В Москве считали, что для ликвидации остававшихся еще материальных обязательств СССР по Рижскому договору наступил благоприятный момент - в связи со значительным ухудшением международного положения Польши. Однако польское правительство решительно отказывалась идти на уступки в этом вопросе. Он был важен и для БССР, так как передаче Польше, в соответствии с Рижским договором, подлежали ценности, находившиеся и на территории Советской Беларуси. 29 января польское консульство в Минске сообщило в Варшаву о проходившей в Минске конференции археологов. Она поддержала предложение о необходимости сохранить в пределах СССР Литовскую метрику как собственность населения Советской Беларуси. Также участники конференции обратили внимание на необходимость добиваться от Польши возвращения на территорию БССР белорусских архивных материалов ХV-XVШ вв. Для реализации названных требований съезд высказался за включение в состав Реэвакуационной и Специальной комиссий, занимавшихся передачей ценностей Польше, представителей БССР [13].
Несмотря на неудачу первого этапа переговоров с Польшей, советское руководство считало необходимым продолжить работу по нормализации отношений с ней.

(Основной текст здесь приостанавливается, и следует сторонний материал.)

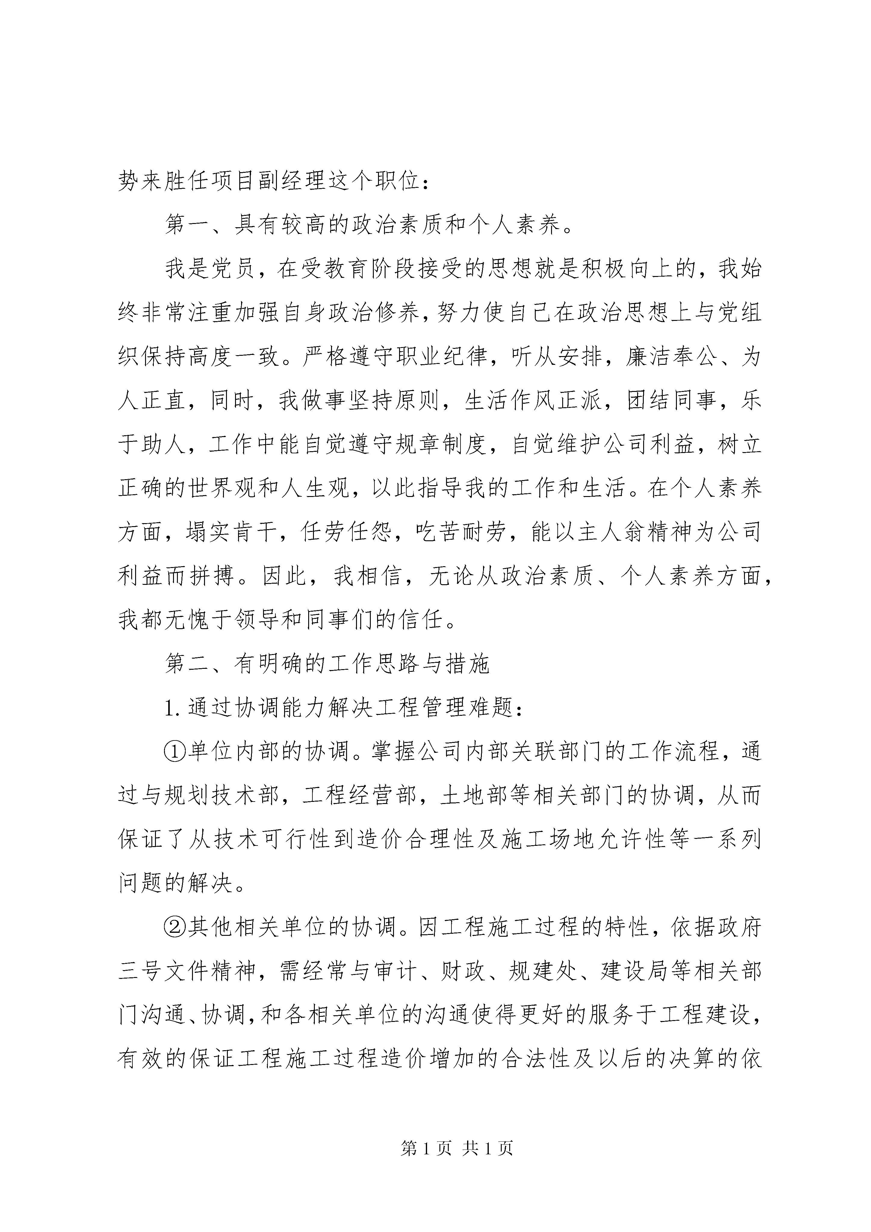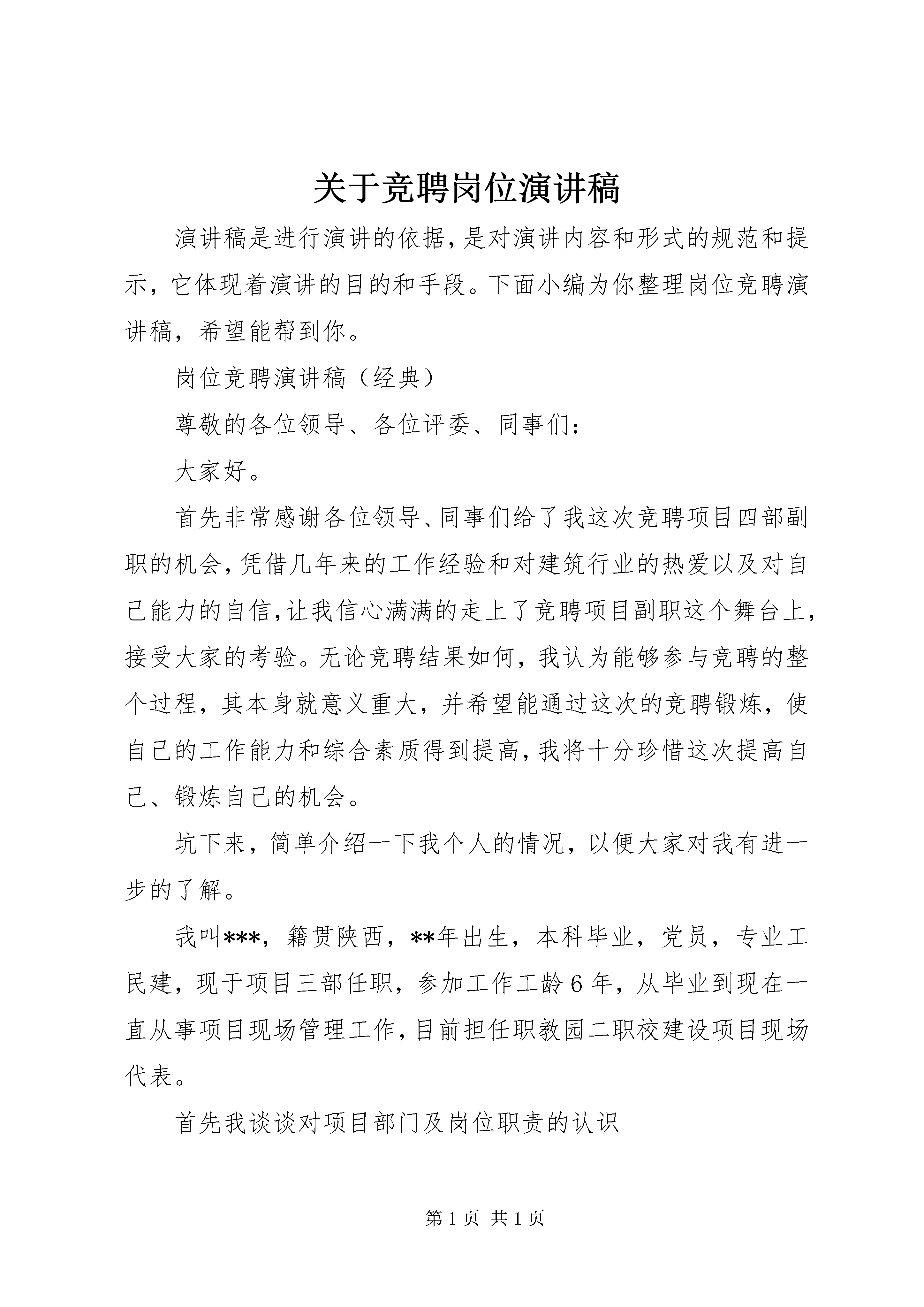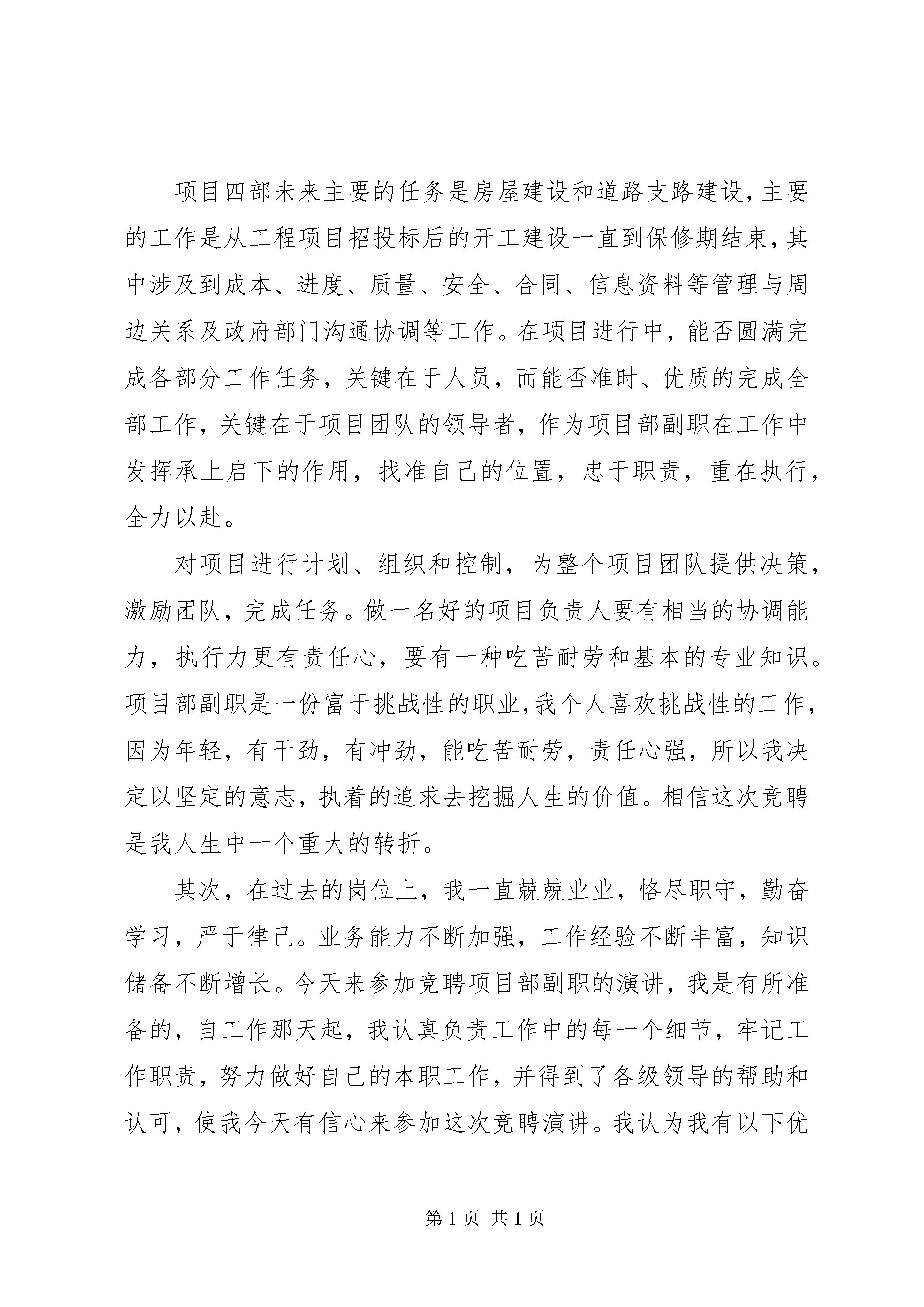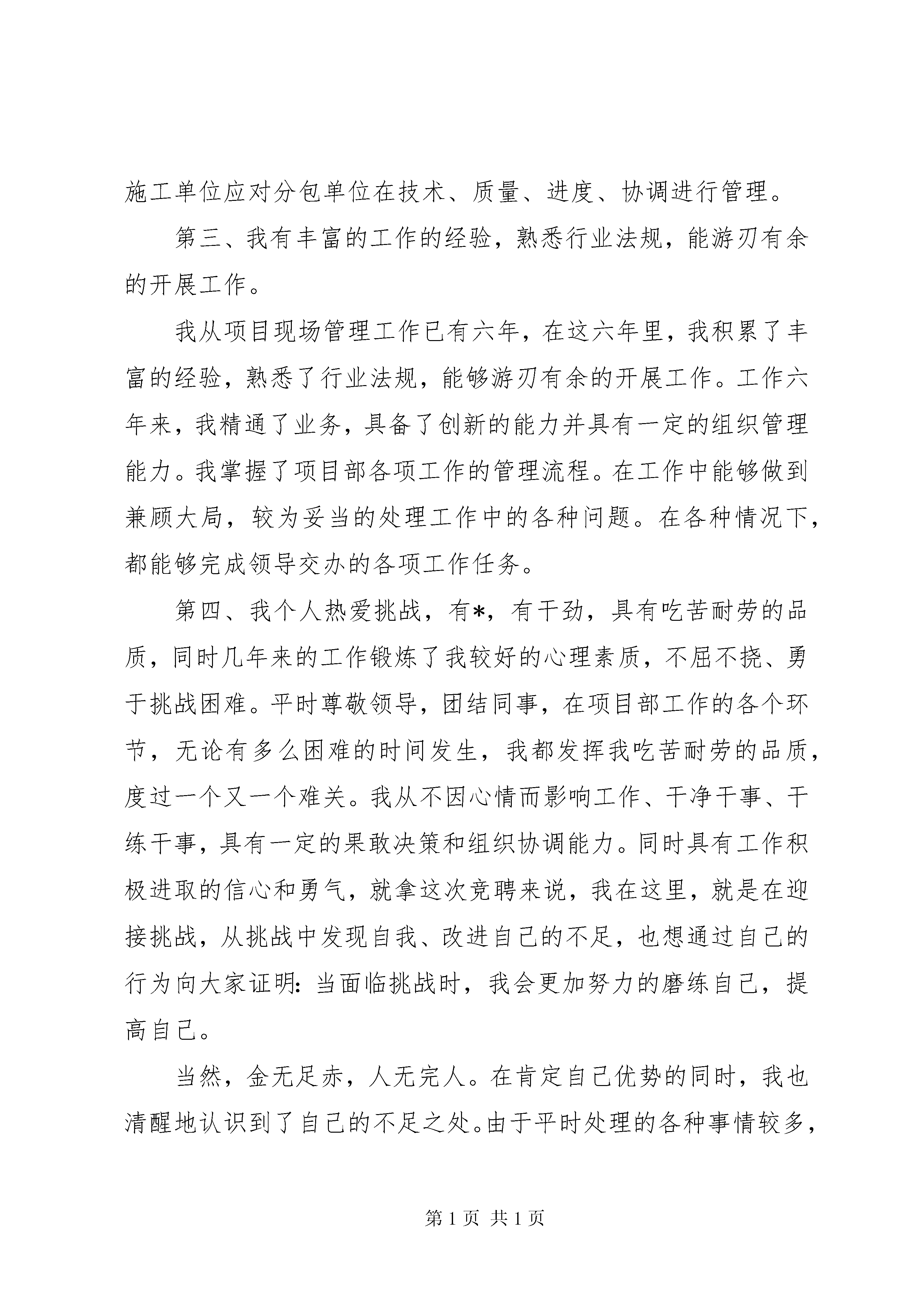 关于竞聘岗位演讲稿演讲稿是进行演讲的依据,是对演讲内容和形式的规范和提示,它体现着演讲的目的和手段。下面小编为你整理岗位竞聘演讲稿,希望能帮到你。岗位竞聘演讲稿(经典)尊敬的各位领导、各位评委、同事们:大家好。首先非常感谢各位领导、同事们给了我这次竞聘项目四部副职的机会,凭借几年来的工作经验和对建筑行业的热爱以及对自己能力的自信,让我信心满满的走上了竞聘项目副职这个舞台上,接受大家的考验。无论竞聘结果如何,我认为能够参与竞聘的整个过程,其本身就意义重大,并希望能通过这次的竞聘锻炼,使自己的工作能力和综合素质得到提高,我将十分珍惜这次提高自己、锻炼自己的机会。坑下来,简单介绍一下我个人的情况,以便大家对我有进一步的了解。我叫***,籍贯陕西,**年出生,本科毕业,党员,专业工民建,现于项目三部任职,参加工作工龄6年,从毕业到现在一直从事项目现场管理工作,目前担任职教园二职校建设项目现场代表。首先我谈谈对项目部门及岗位职责的认识项目四部未来主要的任务是房屋建设和道路支路建设,主要的工作是从工程项目招投标后的开工建设一直到保修期结束,其中涉及到成本、进度、质量、安全、合同、信息资料等管理与周边关系及政府部门沟通协调等工作。在项目进行中,能否圆满完成各部分工作任务,关键在于人员,而能否准时、优质的完成全部工作,关键在于项目团队的领导者,作为项目部副职在工作中发挥承上启下的作用,找准自己的位置,忠于职责,重在执行,全力以赴。对项目进行计划、组织和控制,为整个项目团队提供决策,激励团队,完成任务。做一名好的项目负责人要有相当的协调能力,执行力更有责任心,要有一种吃苦耐劳和基本的专业知识。项目部副职是一份富于挑战性的职业,我个人喜欢挑战性的工作,因为年轻,有干劲,有冲劲,能吃苦耐劳,责任心强,所以我决定以坚定的意志,执着的追求去挖掘人生的价值。相信这次竞聘是我人生中一个重大的转折。其次,在过去的岗位上,我一直兢兢业业,恪尽职守,勤奋学习,严于律己。业务能力不断加强,工作经验不断丰富,知识储备不断增长。今天来参加竞聘项目部副职的演讲,我是有所准备的,自工作那天起,我认真负责工作中的每一个细节,牢记工作职责,努力做好自己的本职工作,并得到了各级领导的帮助和认可,使我今天有信心来参加这次竞聘演讲。我认为我有以下优势来胜任项目副经理这个职位:第一、具有较高的政治素质和个人素养。我是党员,在受教育阶段接受的思想就是积极向上的,我始终非常注重加强自身政治修养,努力使自己在政治思想上与党组织保持高度一致。严格遵守职业纪律,听从安排,廉洁奉公、为人正直,同时,我做事坚持原则,生活作风正派,团结同事,乐于助人,工作中能自觉遵守规章制度,自觉维护公司利益,树立正确的世界观和人生观,以此指导我的工作和生活。在个人素养方面,塌实肯干,任劳任怨,吃苦耐劳,能以主人翁精神为公司利益而拼搏。因此,我相信,无论从政治素质、个人素养方面,我都无愧于领导和同事们的信任。第二、有明确的工作思路与措施1.通过协调能力解决工程管理难题:①单位内部的协调。掌握公司内部关联部门的工作流程,通过与规划技术部,工程经营部,土地部等相关部门的协调,从而保证了从技术可行性到造价合理性及施工场地允许性等一系列问题的解决。②其他相关单位的协调。因工程施工过程的特性,依据政府三号文件精神,需经常与审计、财政、规建处、建设局等相关部门沟通、协调,和各相关单位的沟通使得更好的服务于工程建设,有效的保证工程施工过程造价增加的合法性及以后的决算的依据性。③施工单位协调。参与工程建设的单位有地质勘察单位、设计单位、监理单位、总包单位、甲方分包单位、甲供材料供应单位、试验检测单位等好几十家,涉及的合同也好几十份,处理好甲方分包、甲供材料供应单位与总包单位的关系。同时还要处理好与施工单位的关系,除了监管与被监管的关系外,还有协作、配合的关系,可概括为监、帮、促的关系。甲方代表除了依照工程合同、图纸、规范对施工活动认真严格监督管理之外,对其施工中的实际困难应尽其所能给予帮助解决;对施工技术上的问题要当好参谋,对于施工单位的合法利益应给予保护。2.通过有效管理,推进项目又好、又快开展①加强对监理单位管理。工程施工过程中应以监理单位的管理为主,要求监理单位应熟悉图纸及现场情况,并为工程的质量、进度、投资控制负责。同时严格要求总监,要求总监按照监理合同、监理规划和实施细则执行,配齐相关人员,组织好监理例会的召开。②加强施工单位管理。(1)对施工管理,施工单位是在工作流程上、质量控质、进度控制上主要执行者。因此加强对施工单位的管理一定程度上起到了质量、进度流程等管理。特别是对项目经理的管理,要求项目经理按合同、规范及相关法律法规执行,在施工过程中要求施工单位应对分包单位在技术、质量、进度、协调进行

В докладной записке Г. Чичерина в Политбюро от 4 июля отмечалось, что, в связи с изменением международной ситуации и переживаемым экономическим кризисом в Польше, наблюдаются определенные перемены в политике в отношение СССР, и поляки осознали, что их главным врагом является Германия, а не Советский Союз. Для Москвы очень важно поддерживать эти перемены в польской политике, учитывая неблагоприятные для СССР изменения международной ситуации в связи с предстоящим подписанием Гарантийного пакта [14, л.л. 2, 3]. 8 июля Политбюро приняло решение «создать комиссию по экономическому сближению Советского Союза с Польшей». В состав комиссии вошли представители НКИД, НКВТ, ВСНХ, РВС, ГПУ. Возглавил ее Ф. Дзержинский [2, с.20].
Реанимации переговорного процесса между СССР и Польшей содействовал визит в Варшаву Г. Чичерина в конце сентября 1925 г. В ходе переговоров министров иностранных дел двух стран Г. Чичерин указал на факт отказа Германии гарантировать польско-германскую границу по проектируемому пакту и возникающую, в связи с этим угрозу для Польши. Он отметил два направления польской политики, где она была особенно враждебной СССР: 1) стремление создать балтийский союз; 2) союз с Румынией. Г. Чичерин повторил советское предложение заключить договор о ненападении и неучастии во враждебных коалициях. Следует обратить внимание, что в ходе переговоров обе стороны снова обошли молчанием вопрос о национальных меньшинствах [1, с. 416, 418].
Результаты Локарнской конференции вели к дальнейшему ухудшению международного положения Польши. Это толкало ее к активизации переговоров с СССР о заключении договора о ненападении и торгового договора. В советских политических кругах предвидели возможность польских шагов по сближению с СССР после Локарно. Советское руководство готово было сделать встречные шаги. В решении Политбюро от 14 января 1926 г. было сказано: «Особое внимание уделить укреплению, при посредничестве Франции, наших мирных отношений с Польшей» [5, с.111]. Локарно содействовало усилению того направления в советской внешней политике, которое российский историк В. А. Зубачевский характеризует как авторитарно-государственное (имперское) [15, с.310]. Оно стремилось уменьшить роль идеологических установок во внешней политике СССР. Внешнеполитический курс Москвы теперь формировался в большей степени на основе геополитического и стратегического положения СССР, исходя из соотношения сил в мире. Примером такой политики может служить отказ от поддержки повстанческого движения на территории Польши, о чем речь шла выше. Активным сторонником данной политики был нарком иностранных дел Г. Чичерин. Он считал момент подписания Локарнских соглашений благоприятным для налаживания отношений с Польшей, разумеется, на советских условиях. Он писал 30 октября своему заместителю М. Литвинову: «Ситуация для нас очень благоприятная. Упускать налаживание отношений с Польшей совершенно непозволительно» [12, с. 647].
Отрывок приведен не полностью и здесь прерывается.